▶ _Required work_: Without including any pictures, retype exactly the lines from the top of the records through the line containing "31 มี.ค. 2566", that final line included.

Records from a data source
________________
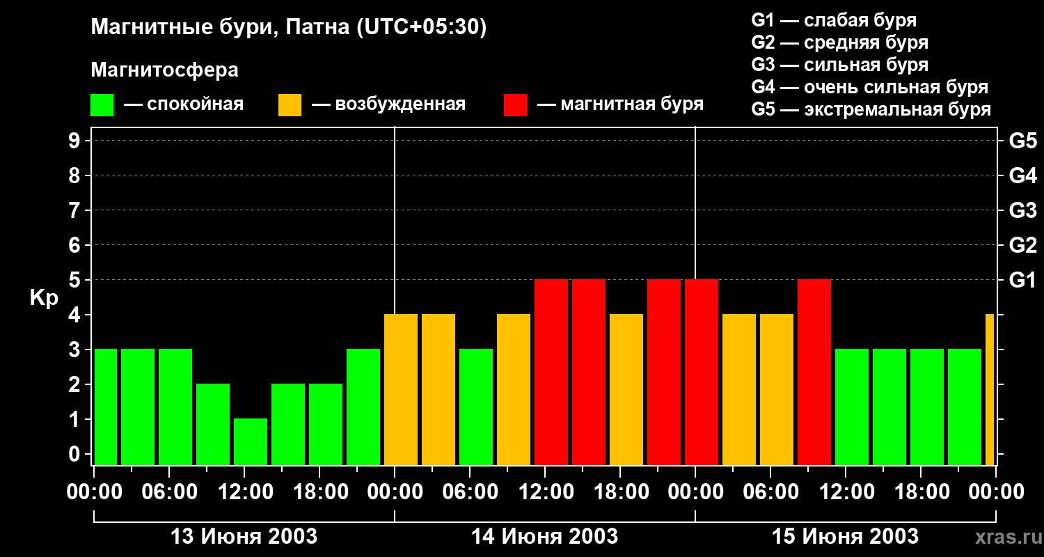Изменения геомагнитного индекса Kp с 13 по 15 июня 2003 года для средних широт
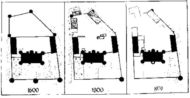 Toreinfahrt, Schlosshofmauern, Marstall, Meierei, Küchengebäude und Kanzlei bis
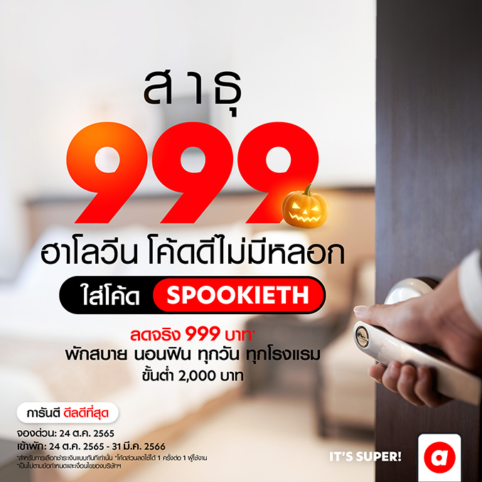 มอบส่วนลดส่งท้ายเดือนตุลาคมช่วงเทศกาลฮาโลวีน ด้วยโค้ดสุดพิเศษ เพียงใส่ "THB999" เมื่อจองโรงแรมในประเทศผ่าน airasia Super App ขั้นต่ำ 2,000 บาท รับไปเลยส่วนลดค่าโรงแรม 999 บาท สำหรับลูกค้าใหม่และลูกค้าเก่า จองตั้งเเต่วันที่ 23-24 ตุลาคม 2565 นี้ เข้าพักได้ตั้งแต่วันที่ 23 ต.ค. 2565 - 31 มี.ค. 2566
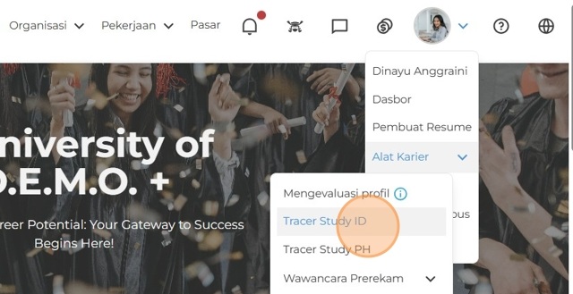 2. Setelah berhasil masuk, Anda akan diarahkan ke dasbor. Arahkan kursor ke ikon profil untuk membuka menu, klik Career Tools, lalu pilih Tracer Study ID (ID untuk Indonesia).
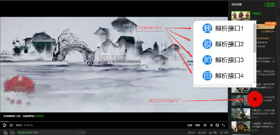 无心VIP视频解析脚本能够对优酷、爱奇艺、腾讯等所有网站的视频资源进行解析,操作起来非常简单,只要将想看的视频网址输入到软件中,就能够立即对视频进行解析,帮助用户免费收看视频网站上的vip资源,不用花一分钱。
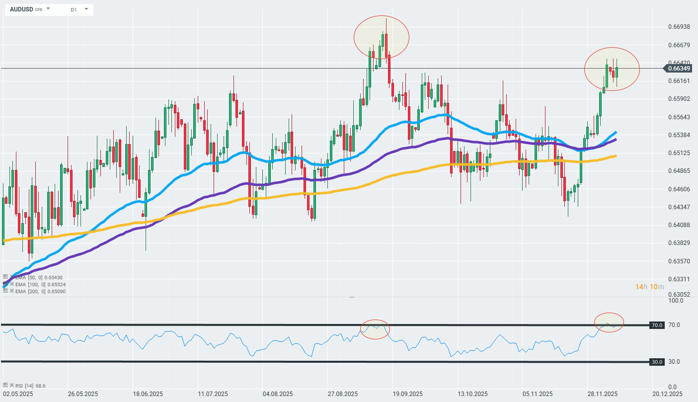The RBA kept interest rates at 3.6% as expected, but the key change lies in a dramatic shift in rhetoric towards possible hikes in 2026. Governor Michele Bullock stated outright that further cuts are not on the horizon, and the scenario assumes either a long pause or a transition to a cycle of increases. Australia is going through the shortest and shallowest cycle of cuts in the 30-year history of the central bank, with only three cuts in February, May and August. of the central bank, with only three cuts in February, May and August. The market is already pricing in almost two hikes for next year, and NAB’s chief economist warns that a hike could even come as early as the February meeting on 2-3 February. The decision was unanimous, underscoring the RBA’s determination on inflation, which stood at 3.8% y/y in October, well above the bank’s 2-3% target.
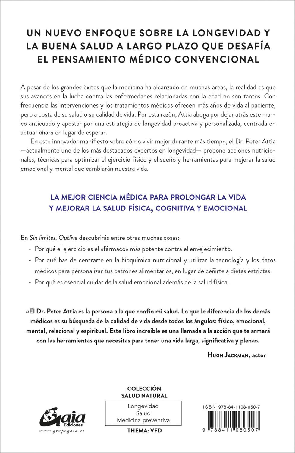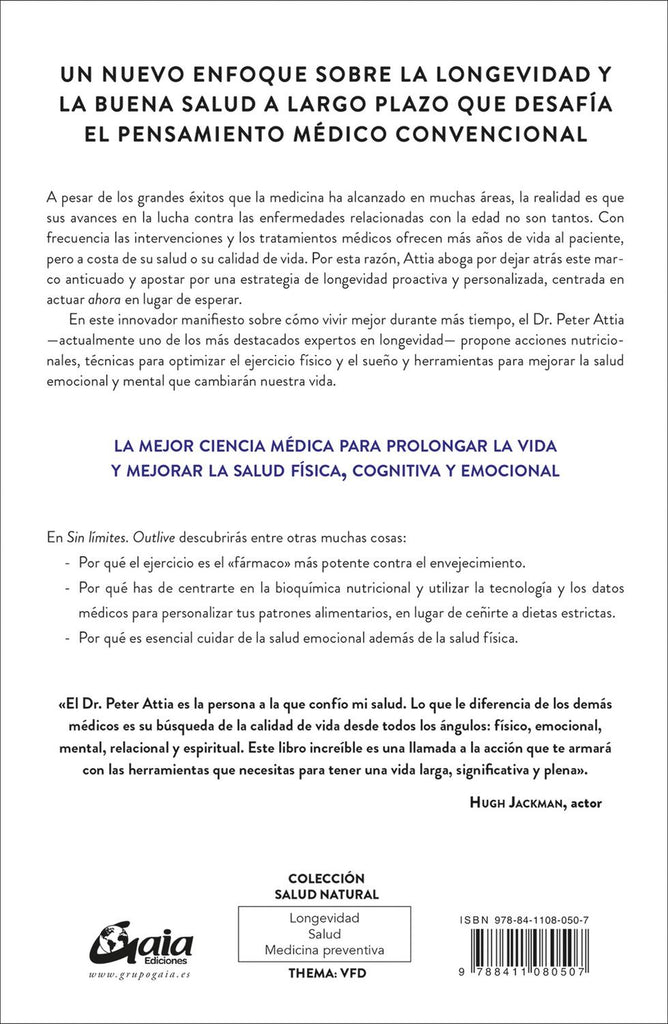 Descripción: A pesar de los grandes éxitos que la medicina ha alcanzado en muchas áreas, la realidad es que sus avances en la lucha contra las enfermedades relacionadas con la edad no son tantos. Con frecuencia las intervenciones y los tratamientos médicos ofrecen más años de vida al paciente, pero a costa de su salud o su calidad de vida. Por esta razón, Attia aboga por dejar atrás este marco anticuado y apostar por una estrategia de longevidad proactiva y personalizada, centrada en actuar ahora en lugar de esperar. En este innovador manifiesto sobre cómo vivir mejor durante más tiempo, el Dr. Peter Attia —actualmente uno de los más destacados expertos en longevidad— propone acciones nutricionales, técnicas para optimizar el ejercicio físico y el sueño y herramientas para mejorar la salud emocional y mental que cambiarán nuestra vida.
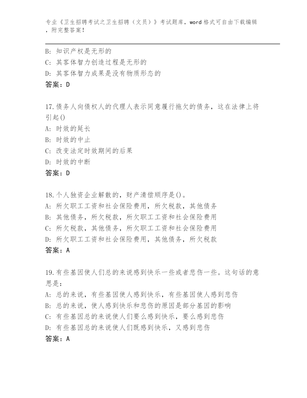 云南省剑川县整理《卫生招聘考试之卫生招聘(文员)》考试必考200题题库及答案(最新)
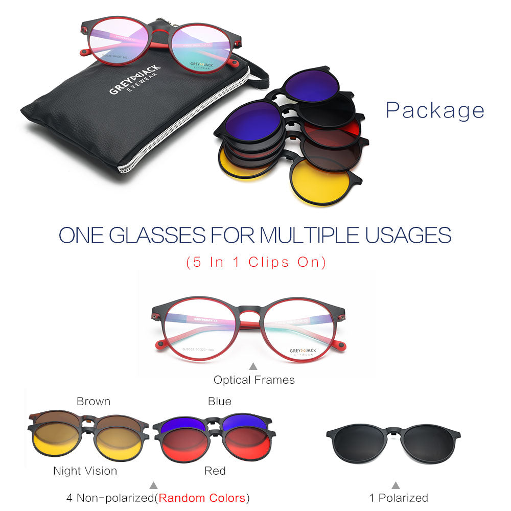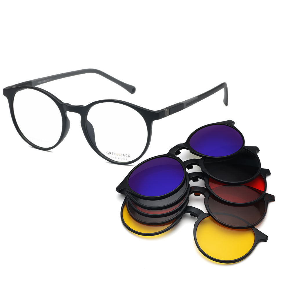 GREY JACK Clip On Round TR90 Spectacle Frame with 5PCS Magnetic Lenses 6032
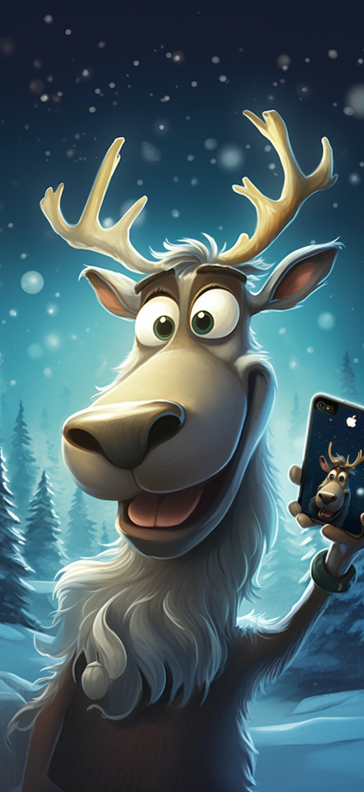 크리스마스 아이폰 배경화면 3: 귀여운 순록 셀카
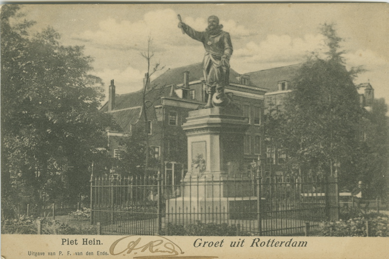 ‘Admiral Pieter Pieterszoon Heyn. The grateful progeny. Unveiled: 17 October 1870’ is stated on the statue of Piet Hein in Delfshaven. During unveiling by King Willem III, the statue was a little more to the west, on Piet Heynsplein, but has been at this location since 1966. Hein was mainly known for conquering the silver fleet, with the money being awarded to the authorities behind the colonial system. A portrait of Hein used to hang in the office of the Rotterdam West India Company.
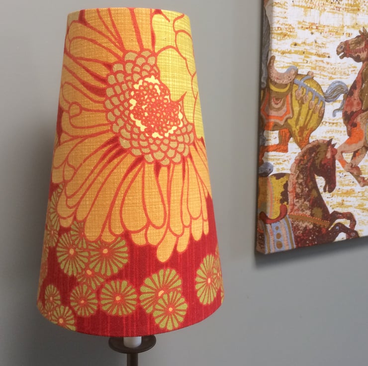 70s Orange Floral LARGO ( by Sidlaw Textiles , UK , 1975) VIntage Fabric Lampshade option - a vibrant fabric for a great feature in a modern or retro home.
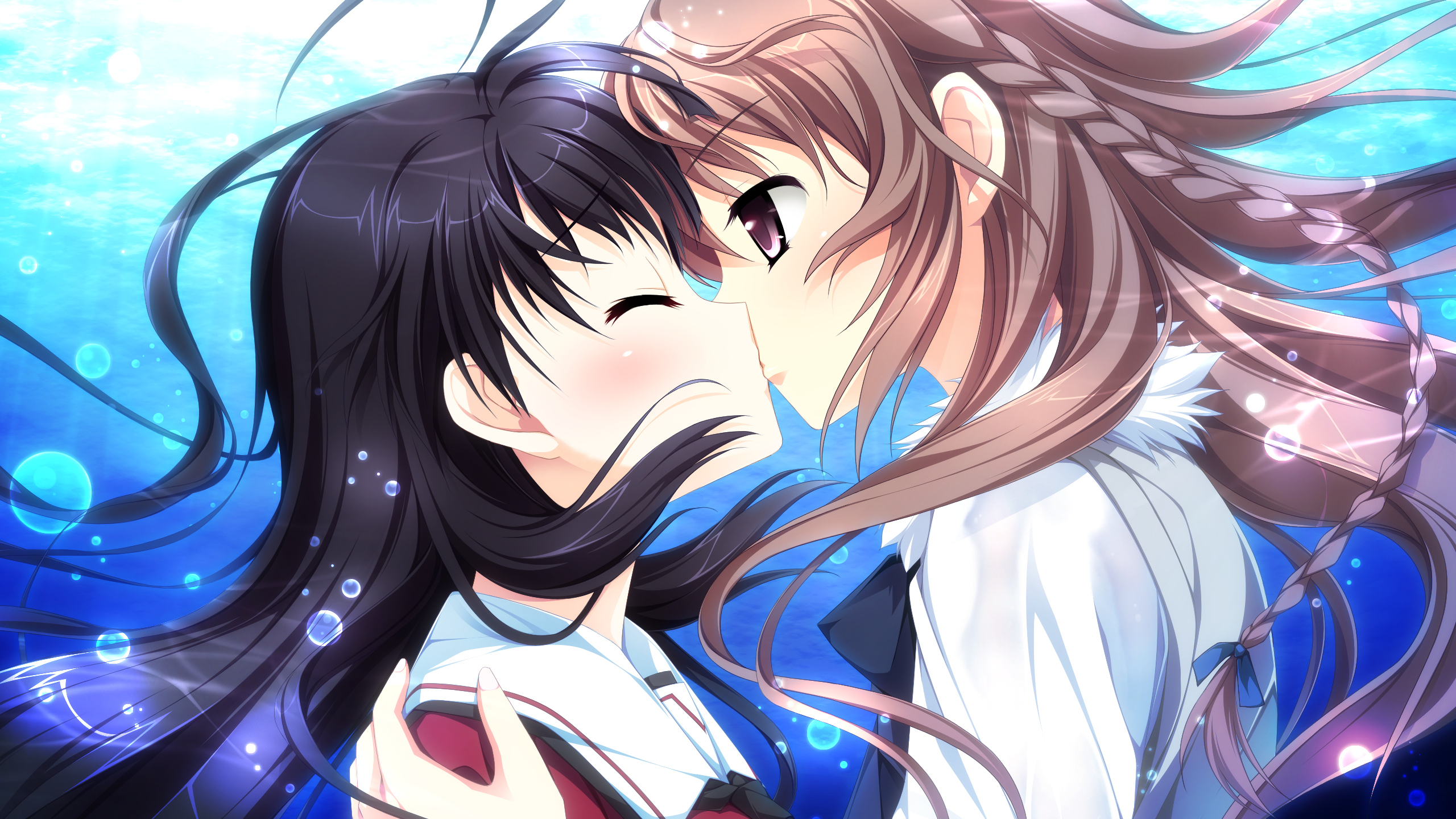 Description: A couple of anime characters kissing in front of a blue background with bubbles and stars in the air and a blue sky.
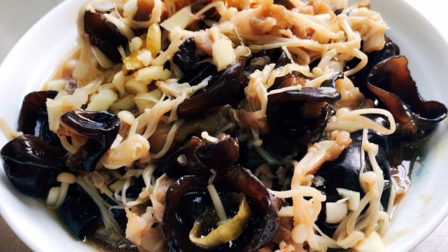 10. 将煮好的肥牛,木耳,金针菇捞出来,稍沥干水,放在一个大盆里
________________
▶ _Response below_:
Изменения геомагнитного индекса Kp с 13 по 15 июня 2003 года для средних широт
 Toreinfahrt, Schlosshofmauern, Marstall, Meierei, Küchengebäude und Kanzlei bis
 มอบส่วนลดส่งท้ายเดือนตุลาคมช่วงเทศกาลฮาโลวีน ด้วยโค้ดสุดพิเศษ เพียงใส่ "THB999" เมื่อจองโรงแรมในประเทศผ่าน airasia Super App ขั้นต่ำ 2,000 บาท รับไปเลยส่วนลดค่าโรงแรม 999 บาท สำหรับลูกค้าใหม่และลูกค้าเก่า จองตั้งเเต่วันที่ 23-24 ตุลาคม 2565 นี้ เข้าพักได้ตั้งแต่วันที่ 23 ต.ค. 2565 - 31 มี.ค. 2566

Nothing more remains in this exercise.